As I contemplated the snowfield across the lake, I uttered something aloud that I’d thought to myself a hundred times before: “I always hope I’m going to see a wolverine in a setting like this.” Just then, and I mean just then, I turned around to face a steep avalanche chute behind me. And there it was, not 200 yards away: a large animal loping low to the ground, its formidable form a masterpiece of wildness on a pure white canvas. The wolverine was gone within seconds, disappearing into the chute-side rocks and vegetation before our friend could zero in on its location. Fortunately, Robert saw it, too, or he would have thought I was dreaming. In the not-too-distant past, he probably would have been right.
Wolverines and their smaller cousins, Pacific fishers and Pacific martens, were decimated by Northwest trappers in the late 1800s and early 1900s — the latter two killed for their fur, the former mostly persecuted as trap-raiders. With habitat loss and widespread poisons for predator control dealing additional blows to already severely diminished populations, wolverines and fishers were eliminated from the Washington Cascades, and fishers were also extinguished from the Olympic Peninsula (where wolverines never occurred). Martens suffered a more complicated fate, having been left intact in the Cascades but perhaps on the brink of extinction in the Olympics.
Regional scientists are now using innovative technologies, diverse partnerships, and hiking boots on the ground to study these little-known mustelids (members of the weasel family) and try to assist them in their recovery. “Each suffered similar fates historically, but each has a very different status currently, resulting from divergent conservation stories,” says Keith Aubry, emeritus scientist at the US Forest Service’s (USFS) Pacific Northwest Research Station and global expert in mustelids.
Aubry is passionate about connecting the dots between the past and the present for rare mustelid populations so that we can better understand their needs moving forward. “You can’t know where you want to get to if you don’t know where you’ve been with these species.”

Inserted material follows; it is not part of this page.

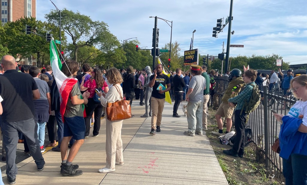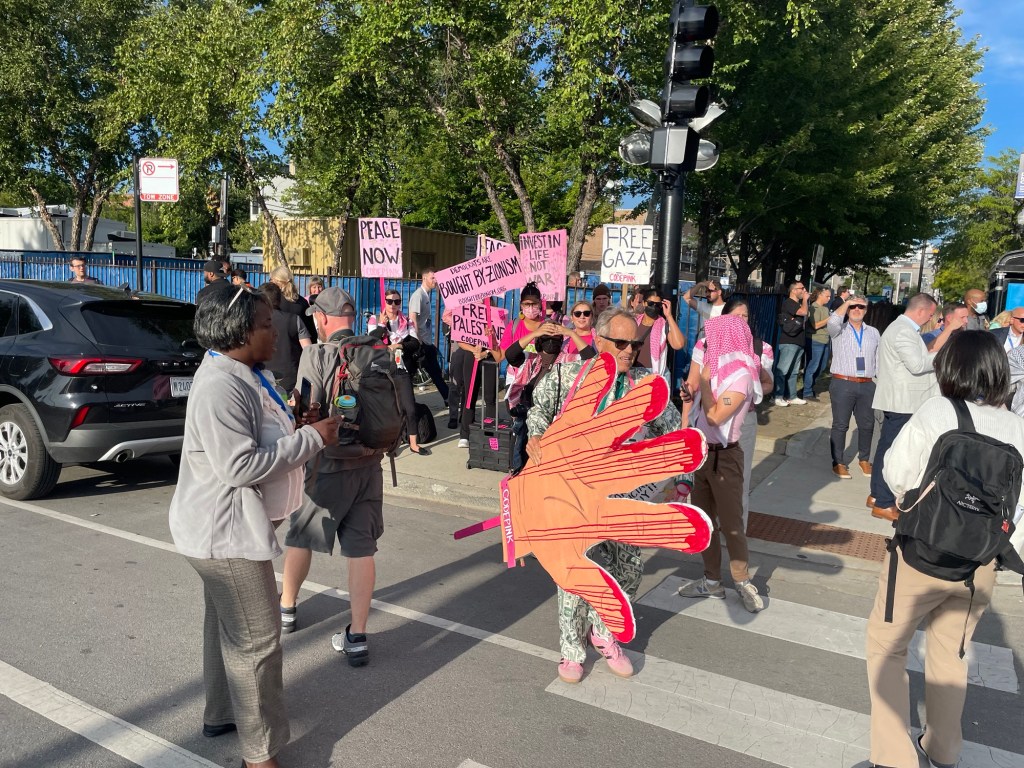I went in the same direction as the limousine train for a few blocks until I came to yet another “road closed” sign; I was back at the perimeter of the Center again, where I could continue my circuit around it in order to make my way make to the Damen station. Except, no; this particular barricade was as much for pedestrian as vehicular traffic, as this led to the entrance for staffers and guests (as opposed to even attendees). There was no going further, unless I was to go further out of my way – and at this point, I was getting quite lost enough.

WOLVERINES WERE GENERALLY ABSENT from Washington for much of the twentieth century. There was a small rash of confirmed accounts in the 1960s — possibly wolverines who went on walkabout from Canada when their prey cycled high — but the species didn’t take root again until the mid-1990s. Then, Aubry and colleagues began to see a significant rise in verifiable records from the North Cascades, and in 1997, a female wolverine was struck and killed by a vehicle. The road-killed juvenile was wandering well west of the Cascade crest and outside of predicted wolverine habitat. Wolverines were definitely on the move, but where were they coming from, and were they finally here to stay?

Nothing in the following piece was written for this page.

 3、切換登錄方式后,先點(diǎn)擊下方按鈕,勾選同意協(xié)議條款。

Intrigued by the wolverine’s resurgence, Aubry and fellow USFS wildlife biologist Cathy Raley launched a collaborative wolverine telemetry study in 2005. “At that time, we didn’t know if there was a resident population — didn’t even know if there were more than occasional sightings,” Raley says. Over the next decade, Aubry and Raley worked closely with other agency biologists to trap and collar 14 wolverines in the North Cascades, allowing them to track these animals’ cross-country travels via satellite technology. One snapshot of data collected from a collared male named Special K shows he walked 11 straight-line miles through rugged Cascades terrain in a six-hour period; over a stretch of nine months, his wanderings covered a remarkable 1,000 square miles. I got to meet this tenacious solo climber once, while visiting a live-capture site in 2015. I’ll never forget his lion-like roar as he exited the log trap, or the massive, claw-clad paws that enable him to float across the frozen landscape and dig into its depths for a refrigerated meal.
Wolverines face a new suite of hazards from human activities, some of them presented by people who love wilderness.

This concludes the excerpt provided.